As was demonstrated with the case of Ernesto Duenez Jr., a horrendous video isn't necessarily enough. And in most cases men die without any video recording, as was the case with Alan Blueford in Oakland. Many times the shooting occurs without a witness other than another officer. Even if the dead man was provably unarmed the simple statement that an officer felt like his life was in danger - with no corroboration or evidence - is enough.

And so, with essentially no check, police murders and assaults continue; the ranks of those killed are added to in the United States at an unparalleled pace.

In Bakersfield, CA, 33-year old David Silva was hogtied and savagely beaten to death by law enforcement officers, who had found him passed out on a street. The vicious killing of 30-year old Melissa Williams and 40-year old Timothy Russell, shot down in a hail of 137 bullets by Cleveland police, has been described as a modern-day lynching. As of yet, the thirteen officers are still on the job.

photo sacramento-rally-alan-10-22-13_zps4437a05c.jpg

In an assisted living home in Chicago, 95-year old John Wrana was killed by police after being tasered and shot with a bean bag round. Witnesses say that Miami Beach police high-fived each other after tasering to death 18-year old graffiti artist Israel Hernandez-Llach. Police around the country continue to kill young Black men with impunity, such as 25-year old Cary Ball, Jr., killed in a hail of 25 bullets by St. Louis, MO police, and 16-year old Kimani Gray, shot seven times by NYPD, three times in the back.

In Dallas, TX, the last time a killer cop was indicted was in 1973. Dallas police have killed 250 since, with 68 Black men killed since 2001. Over and over, we hear the justifications for police brutality and killing. The reason Miami-Dade police gave for restraining and choking 14-year old Tremaine McMillian, that he gave "dehumanizing stares," shows just how much law enforcement expects impunity.
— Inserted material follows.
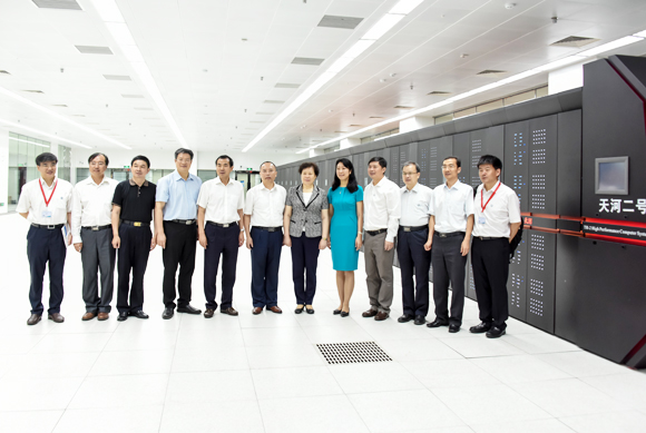 罗俊校长在天河二号超级计算机中心一楼展示大厅向来宾介绍我校发展情况,重点介绍了我校在办学布局、“三个面向”、“三大建设”、“三个输出”等方面的规划,强调大气学科在我校重点发展大海洋学科群中的引领作用,并感谢中国气象局对我校大力发展大气学科的指导和支持,希望继续加强和深化局校合作,共同推动气象事业的发展,为提升国家气象预报的精准、科研水平及科研成果转化作出积极的贡献。

The only way to stop the madness is to come together and join the in fight. To say, collectively, in the immortal words of Jeralyn Blueford heard in the first video:

Fuck that! No more killing!

Take investigations of police violence out of the hands of the very same organizations who inflict it by demanding independent investigators. Demand independent prosecutors - not those who are dependent on police for the success of their other prosecutions. Demilitarize the police. If you train people to believe they are in a war zone they will act as if they are in a war zone. Fire those officers with demonstrably violent or racist behavior. Stop making them the line of first "defense" when someone who is mentally ill is acting out.

If you are in California come to Sacramento on October 22nd, or in you can't come or are elsewhere find an event in your area.

If you are in the Bay Area, get a ride from Oscar Grant Plaza in Oakland. Bus tickets available here.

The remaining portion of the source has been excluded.